## TASK BRIEF
Once the pictures have been removed, repeat the remainder of the records exactly.

## DATA TO USE
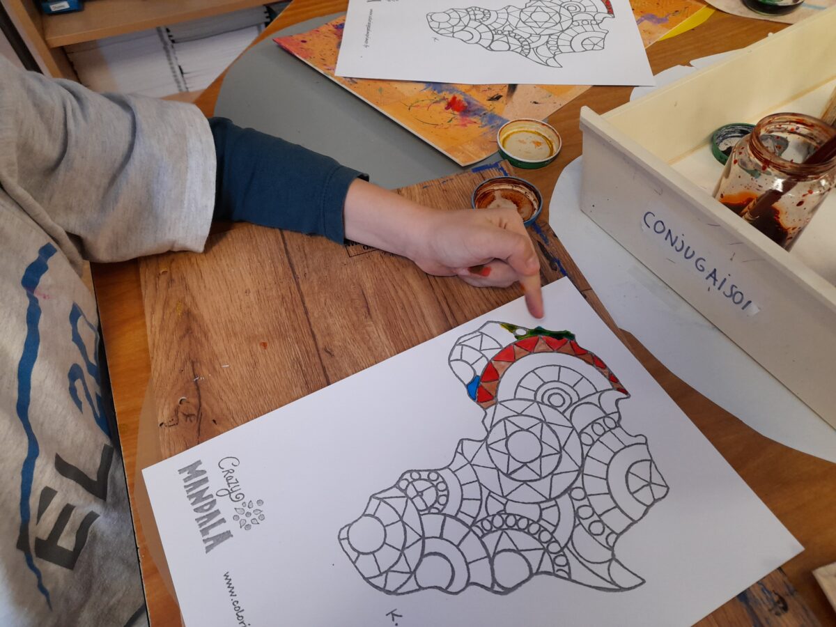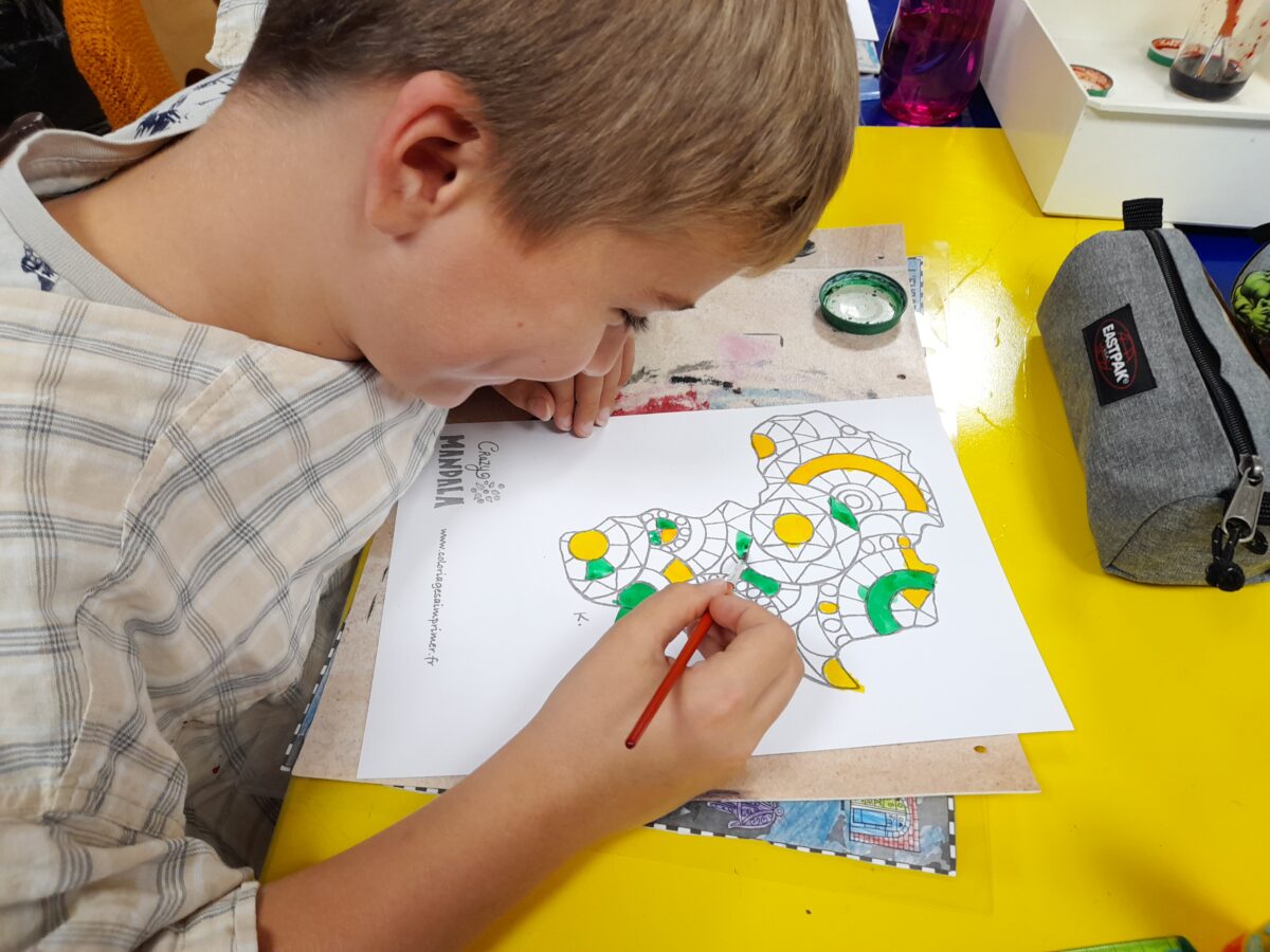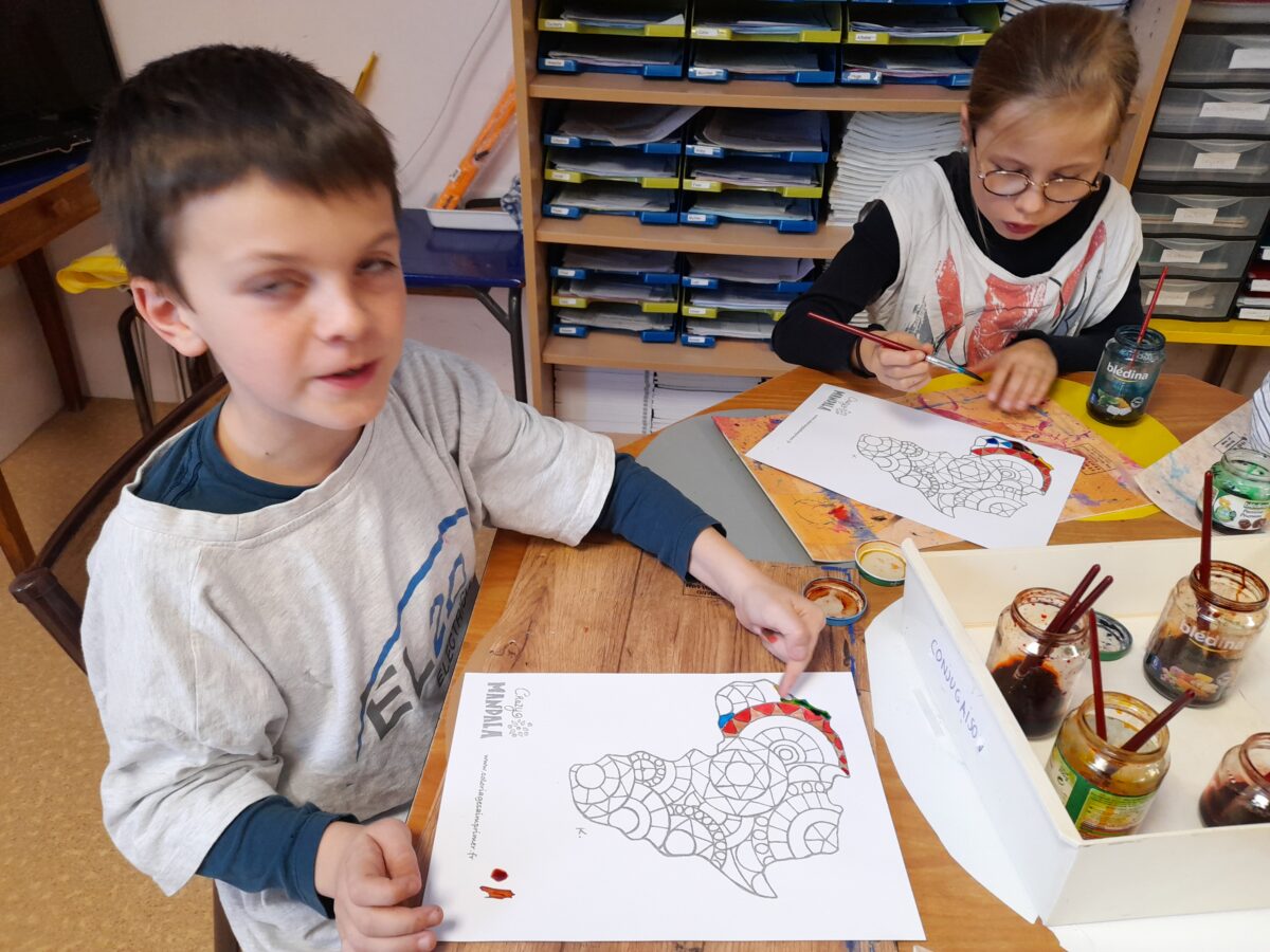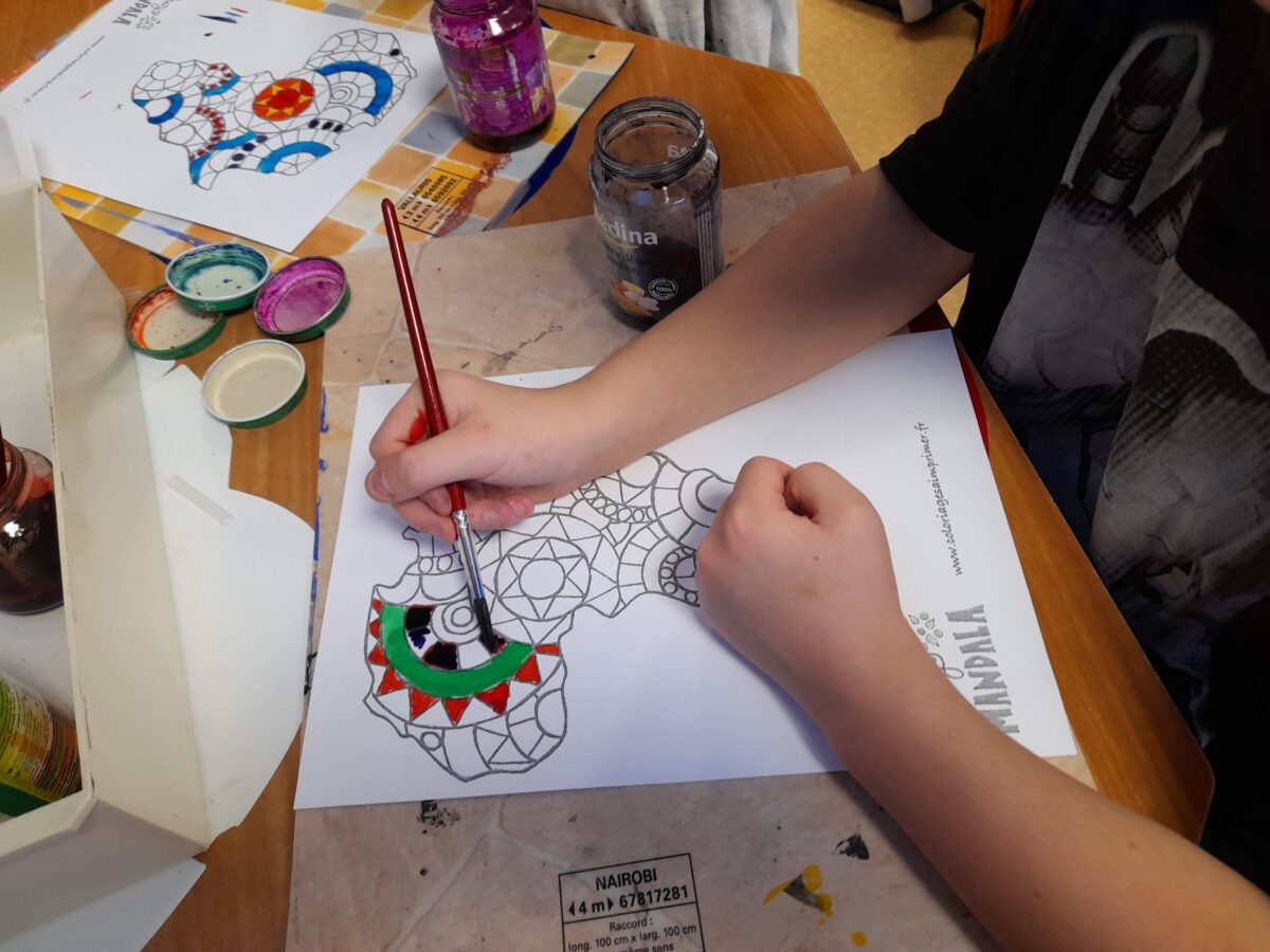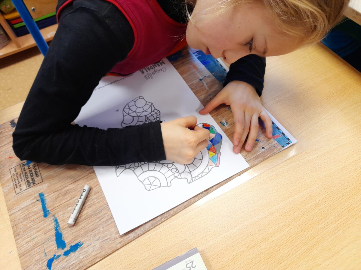 En arts visuels, les CM1 ont travaillé avec deux sortes d’outils, pour mettre de la couleur à l’Afrique : l’encre et les pastels à la cire.
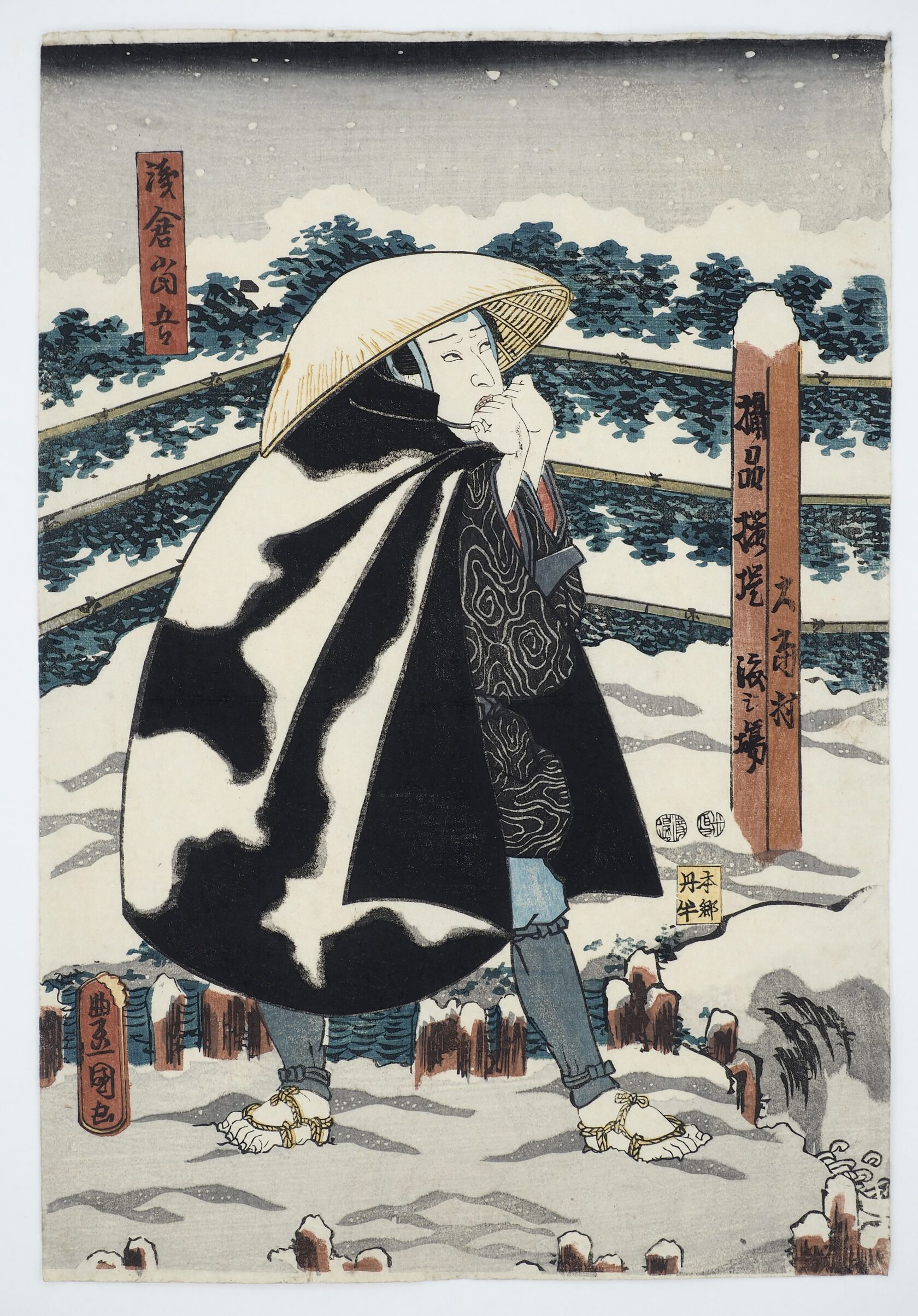 Пьеса: Sakura Soshi Gonichi Bundan Прекрасная сцена из пьесы кабуки «Сакура соси гоничи бундан» показывающая, как Асакура Того покидает свою семью во время снежной бури. Будучи мэром города, он напрямую обратился к сёгуну с просьбой о снижении налогов для своего города, минуя коррумпированного губернатора. Зная, что это будет означать для него смертную казнь, он разрывается между исполнением своего долга и расставанием с близкими. Его жена и дети наблюдают из окна своего дома, как он в последний раз оглядывается через плечо, его соломенная шляпа уже покрыта снегом. Жена держит на руках маленького ребёнка, а двое маленьких мальчиков смотрят в окно и машут на прощание. В ролях: Итикава Кодандзи IV в роли Асакуры Того, Оноэ Кикудзиро II в роли его жены Омине, Итикава Итисабуро в роли его старшего сына Тотаро и Бандо Мацудзиро в роли второго сына Кунимацу.
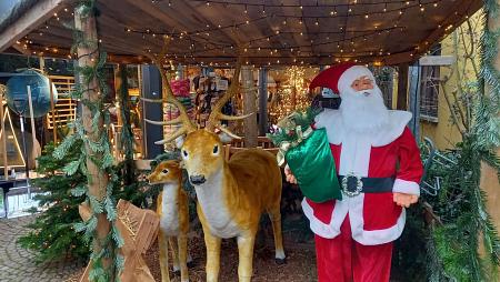 Weihnachtsmann mit seinen Rentieren in Erbach
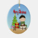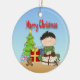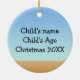 Prydnaden för rundan för julsmåbarnpojken beklär särdrag en blått- & bruntlutningbakgrund (anpassadet), en gullig tecknadpojke i gröna Footed Pajamas med vitsnöflingor. Det finns också en dekorerad julgran med gåvor & en nalle under den. Röd stylized text är god jul. Baksida presenterar en blått- & bruntlutningbakgrund (anpassade) och text för ditt barns namn, ålder och daterar. Perfekt minnessakgåva för jul! Att skräddarsy bakgrundsfärgen - ta bort bakgrunden avbildar - klicka blåtten "skräddarsy den" knäppas, - klicka på "xet" bredvid bakgrunden avbildar, då klickar på "redigerar" därefter "bakgrund", väljer din färg och klickar på "gjort".
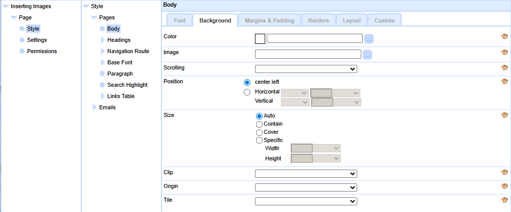 Size: Defaults to Auto but can be set to Specific. In addition you can use Contain or Cover
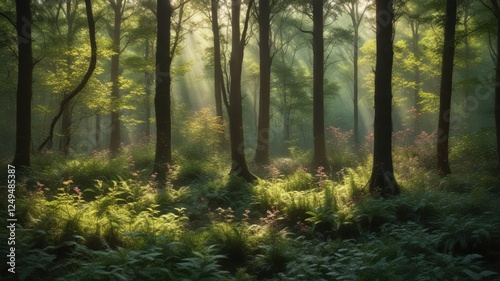 forest, wood, tree, sunbeam, sunlight, mist, fog, morning, flower, blossom, greenery, plant, fern, underbrush, timberland, nature, landscape, scenic, peaceful, tranquil, serene, magical, mystical, aethereal

## SOLUTION FOR THIS PROBLEM
 En arts visuels, les CM1 ont travaillé avec deux sortes d’outils, pour mettre de la couleur à l’Afrique : l’encre et les pastels à la cire.
 Пьеса: Sakura Soshi Gonichi Bundan Прекрасная сцена из пьесы кабуки «Сакура соси гоничи бундан» показывающая, как Асакура Того покидает свою семью во время снежной бури. Будучи мэром города, он напрямую обратился к сёгуну с просьбой о снижении налогов для своего города, минуя коррумпированного губернатора. Зная, что это будет означать для него смертную казнь, он разрывается между исполнением своего долга и расставанием с близкими. Его жена и дети наблюдают из окна своего дома, как он в последний раз оглядывается через плечо, его соломенная шляпа уже покрыта снегом. Жена держит на руках маленького ребёнка, а двое маленьких мальчиков смотрят в окно и машут на прощание. В ролях: Итикава Кодандзи IV в роли Асакуры Того, Оноэ Кикудзиро II в роли его жены Омине, Итикава Итисабуро в роли его старшего сына Тотаро и Бандо Мацудзиро в роли второго сына Кунимацу.
 Weihnachtsmann mit seinen Rentieren in Erbach
 Prydnaden för rundan för julsmåbarnpojken beklär särdrag en blått- & bruntlutningbakgrund (anpassadet), en gullig tecknadpojke i gröna Footed Pajamas med vitsnöflingor. Det finns också en dekorerad julgran med gåvor & en nalle under den. Röd stylized text är god jul. Baksida presenterar en blått- & bruntlutningbakgrund (anpassade) och text för ditt barns namn, ålder och daterar. Perfekt minnessakgåva för jul! Att skräddarsy bakgrundsfärgen - ta bort bakgrunden avbildar - klicka blåtten "skräddarsy den" knäppas, - klicka på "xet" bredvid bakgrunden avbildar, då klickar på "redigerar" därefter "bakgrund", väljer din färg och klickar på "gjort".
 Size: Defaults to Auto but can be set to Specific. In addition you can use Contain or Cover
 forest, wood, tree, sunbeam, sunlight, mist, fog, morning, flower, blossom, greenery, plant, fern, underbrush, timberland, nature, landscape, scenic, peaceful, tranquil, serene, magical, mystical, aethereal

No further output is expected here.